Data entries
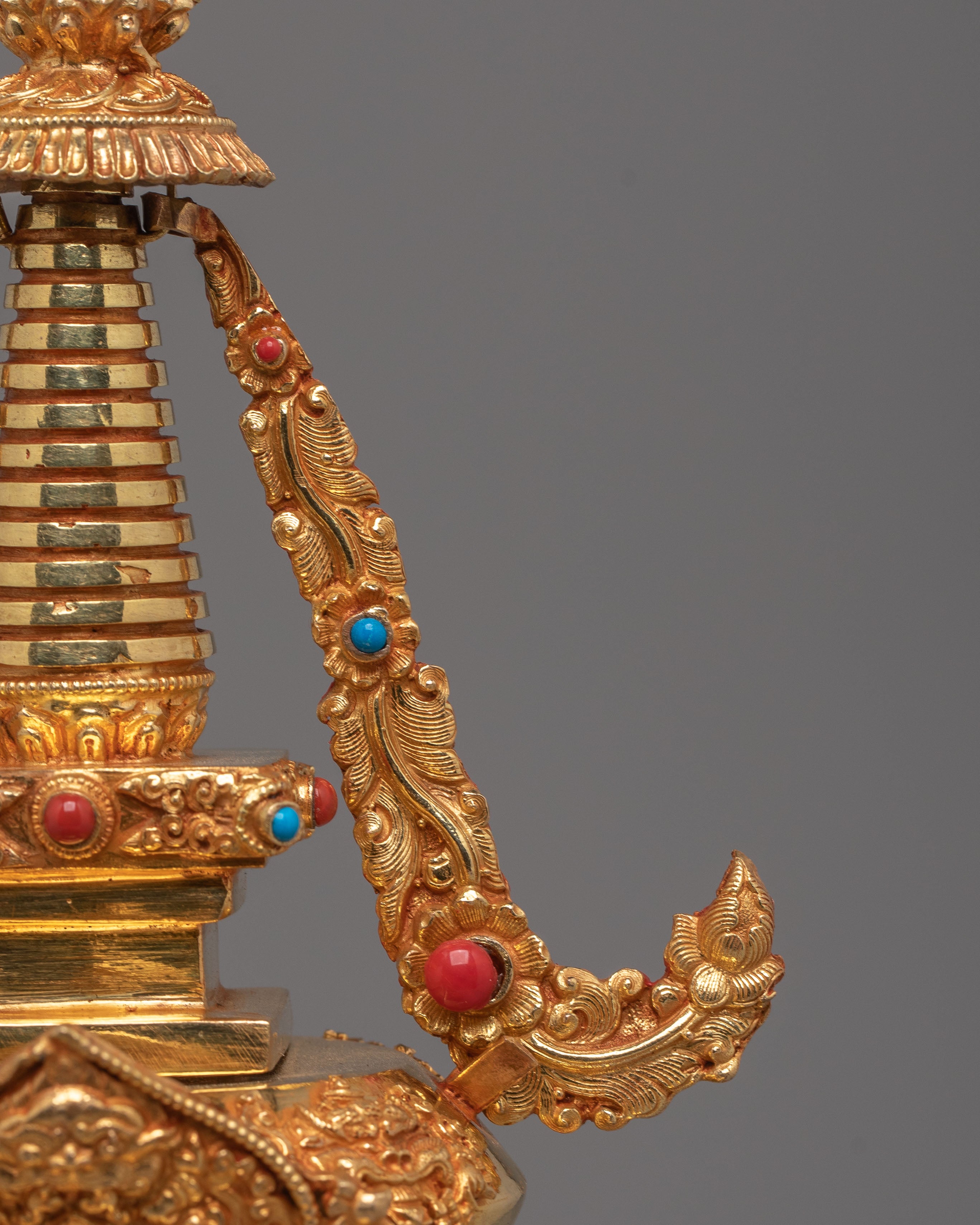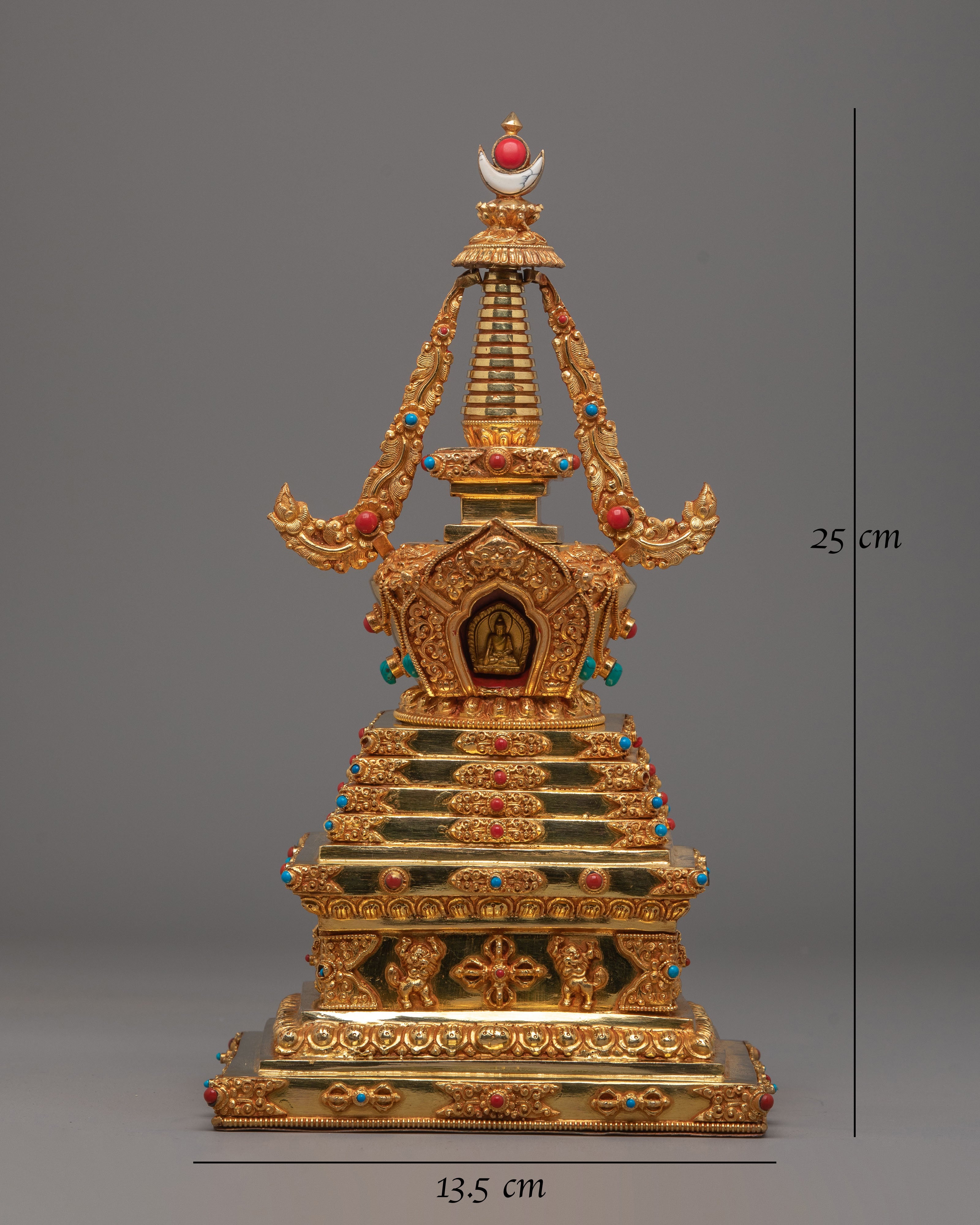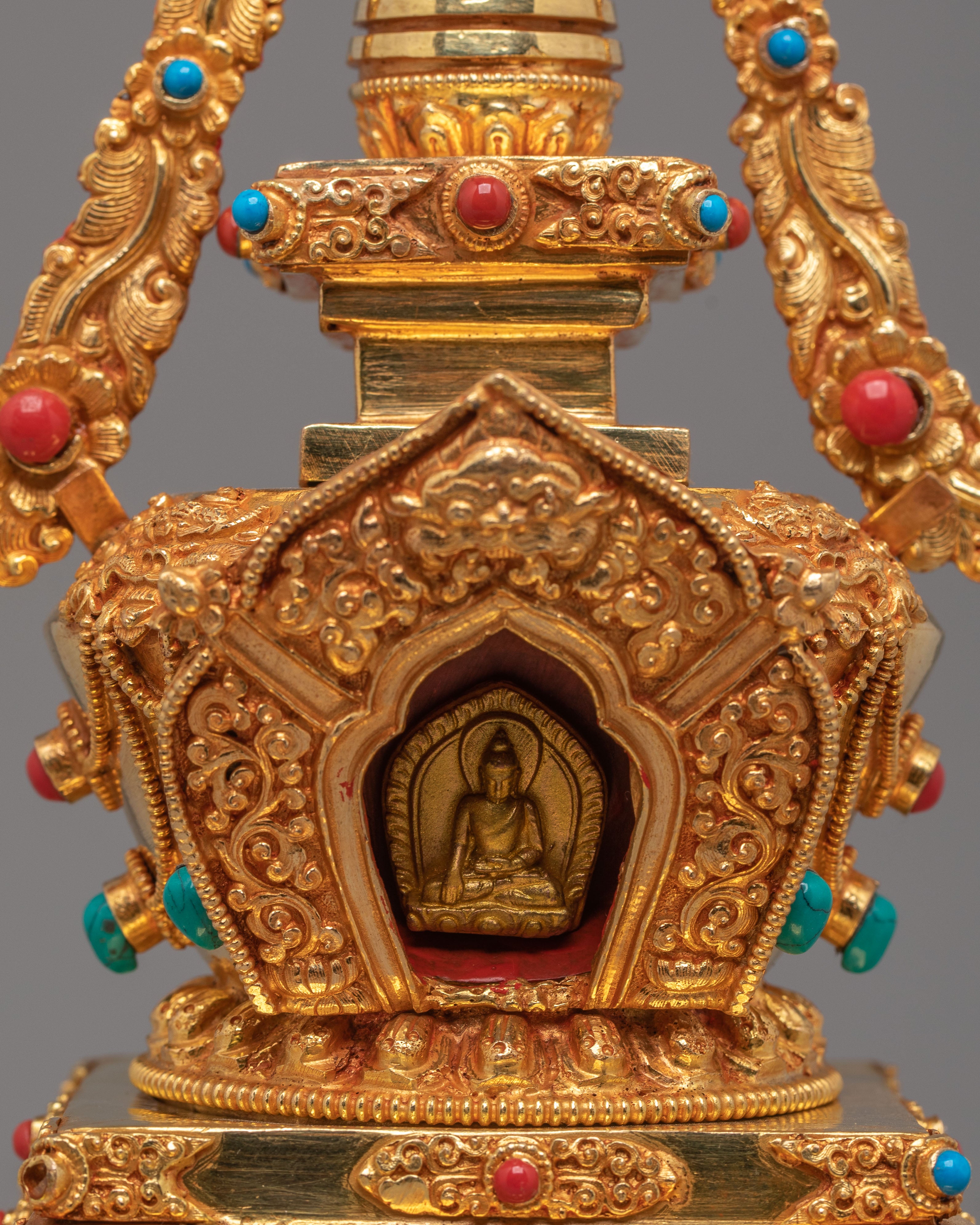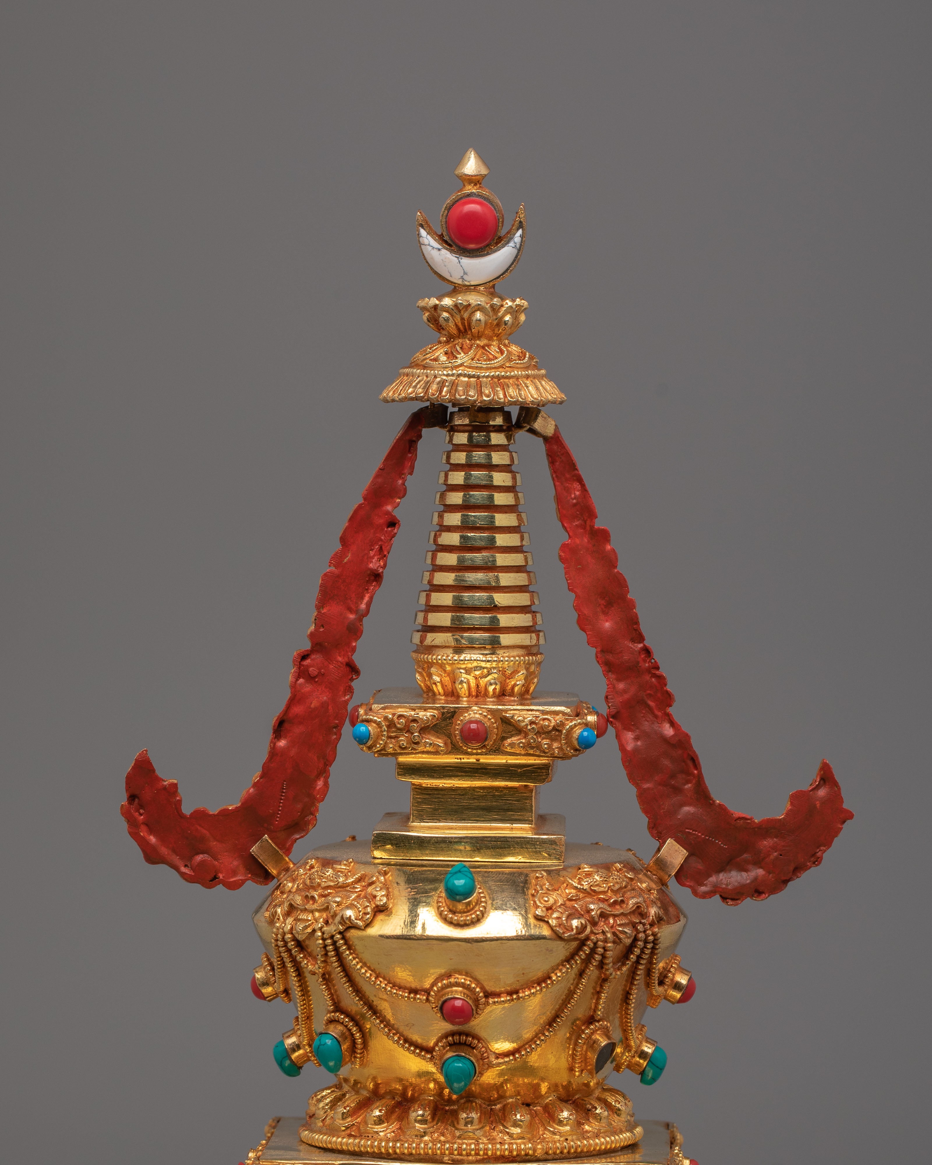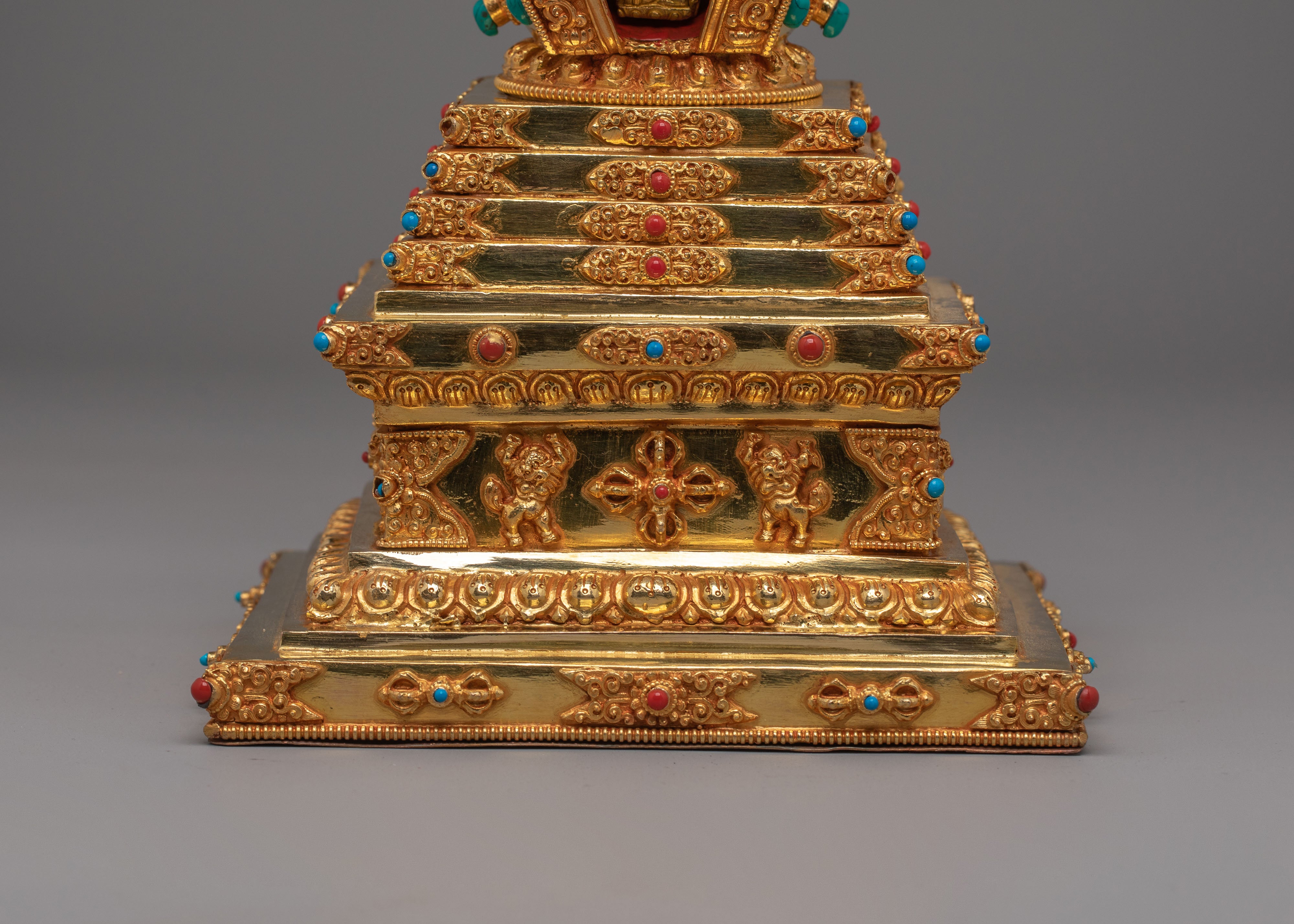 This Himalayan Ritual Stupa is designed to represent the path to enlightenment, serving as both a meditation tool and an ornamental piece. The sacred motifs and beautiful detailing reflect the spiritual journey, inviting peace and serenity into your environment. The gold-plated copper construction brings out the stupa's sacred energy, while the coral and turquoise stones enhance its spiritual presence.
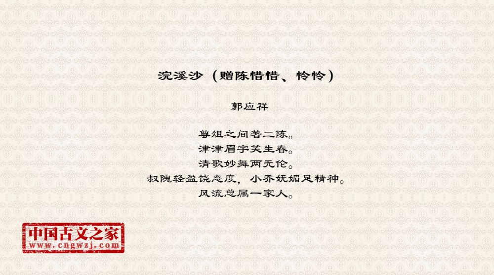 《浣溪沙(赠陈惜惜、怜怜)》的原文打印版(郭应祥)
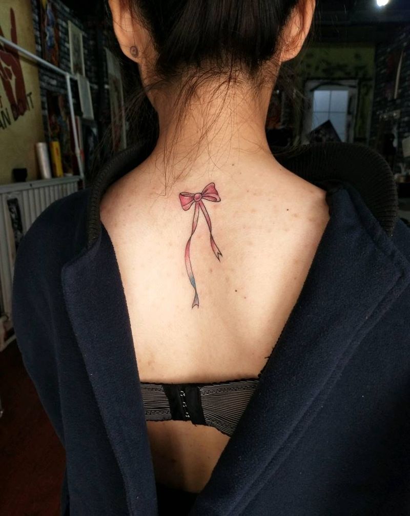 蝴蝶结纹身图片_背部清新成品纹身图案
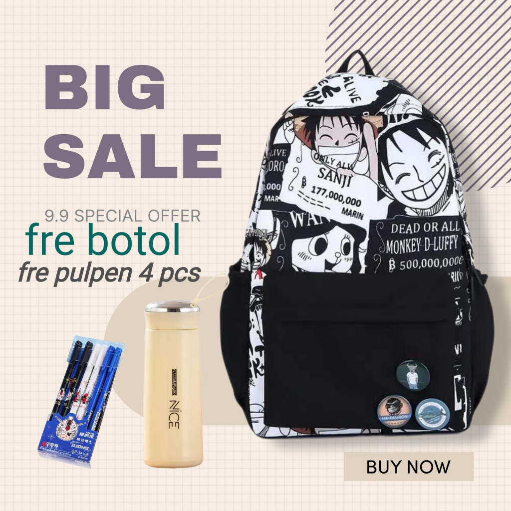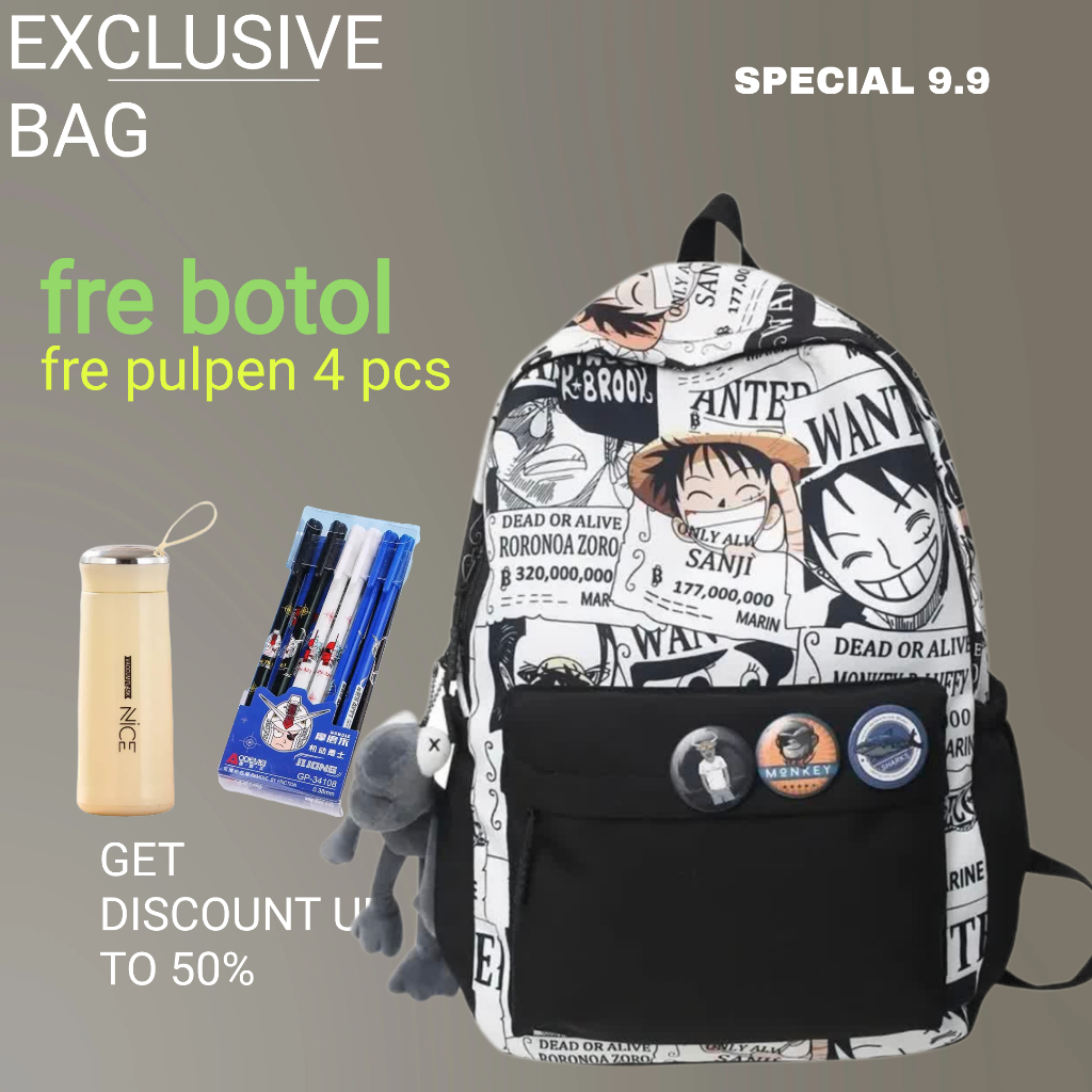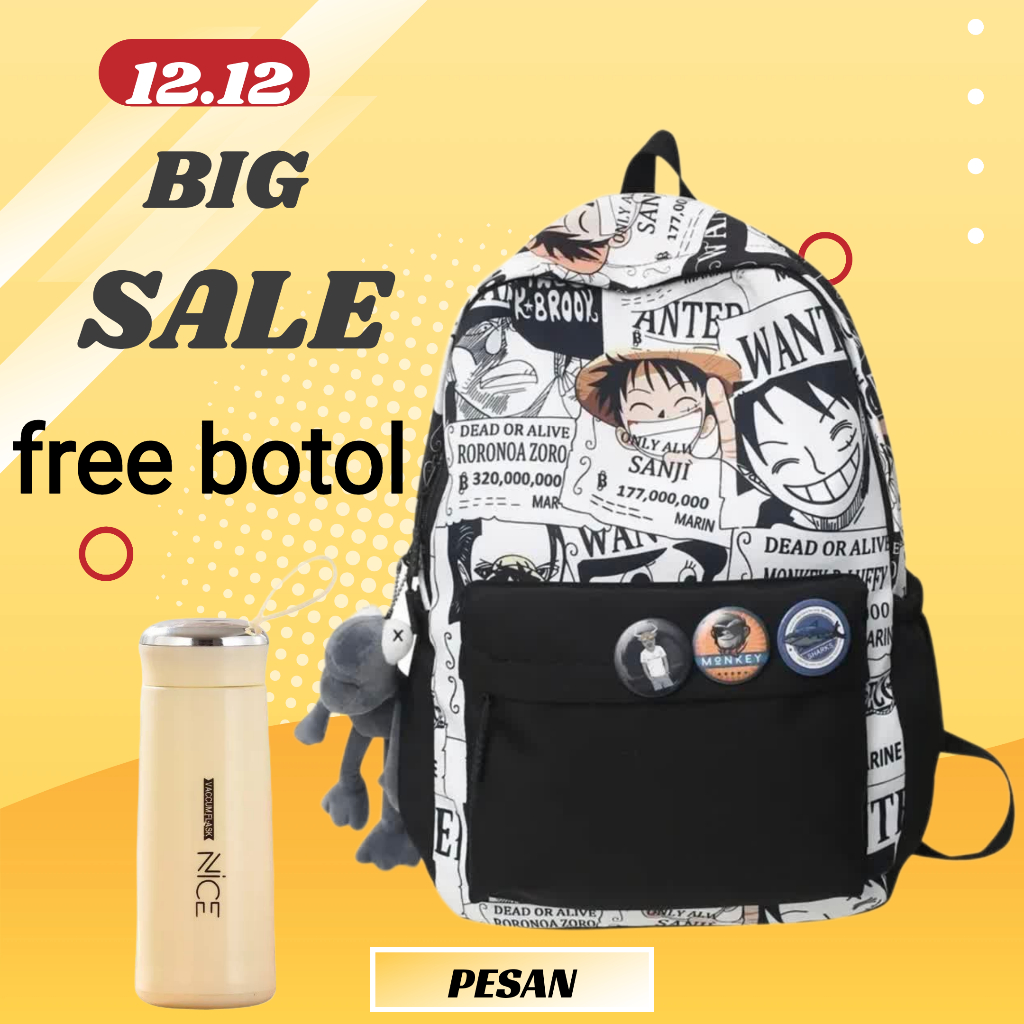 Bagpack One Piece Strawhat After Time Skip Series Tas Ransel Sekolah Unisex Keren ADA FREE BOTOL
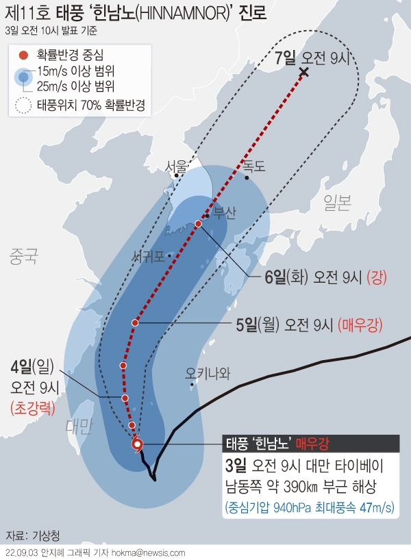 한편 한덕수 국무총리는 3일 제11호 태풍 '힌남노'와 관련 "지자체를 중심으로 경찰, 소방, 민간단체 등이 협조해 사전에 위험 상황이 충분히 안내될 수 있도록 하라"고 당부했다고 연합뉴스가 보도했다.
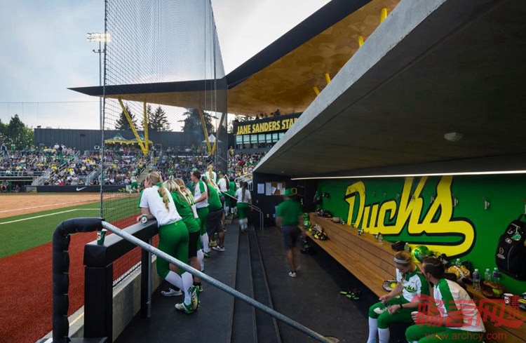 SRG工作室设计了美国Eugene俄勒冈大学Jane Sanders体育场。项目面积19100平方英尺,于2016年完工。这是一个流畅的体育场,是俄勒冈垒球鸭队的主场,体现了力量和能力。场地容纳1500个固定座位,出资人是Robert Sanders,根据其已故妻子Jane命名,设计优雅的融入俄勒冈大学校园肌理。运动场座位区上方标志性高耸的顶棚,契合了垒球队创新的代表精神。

# AIM OF THE EXERCISE
Find the line containing "蝴蝶结纹身图片_背部清新成品纹身图案" in the records above, then copy it and every line after it exactly, through the last one, without any pictures.

# EXERCISE OUTPUT
 蝴蝶结纹身图片_背部清新成品纹身图案
 Bagpack One Piece Strawhat After Time Skip Series Tas Ransel Sekolah Unisex Keren ADA FREE BOTOL
 한편 한덕수 국무총리는 3일 제11호 태풍 '힌남노'와 관련 "지자체를 중심으로 경찰, 소방, 민간단체 등이 협조해 사전에 위험 상황이 충분히 안내될 수 있도록 하라"고 당부했다고 연합뉴스가 보도했다.
 SRG工作室设计了美国Eugene俄勒冈大学Jane Sanders体育场。项目面积19100平方英尺,于2016年完工。这是一个流畅的体育场,是俄勒冈垒球鸭队的主场,体现了力量和能力。场地容纳1500个固定座位,出资人是Robert Sanders,根据其已故妻子Jane命名,设计优雅的融入俄勒冈大学校园肌理。运动场座位区上方标志性高耸的顶棚,契合了垒球队创新的代表精神。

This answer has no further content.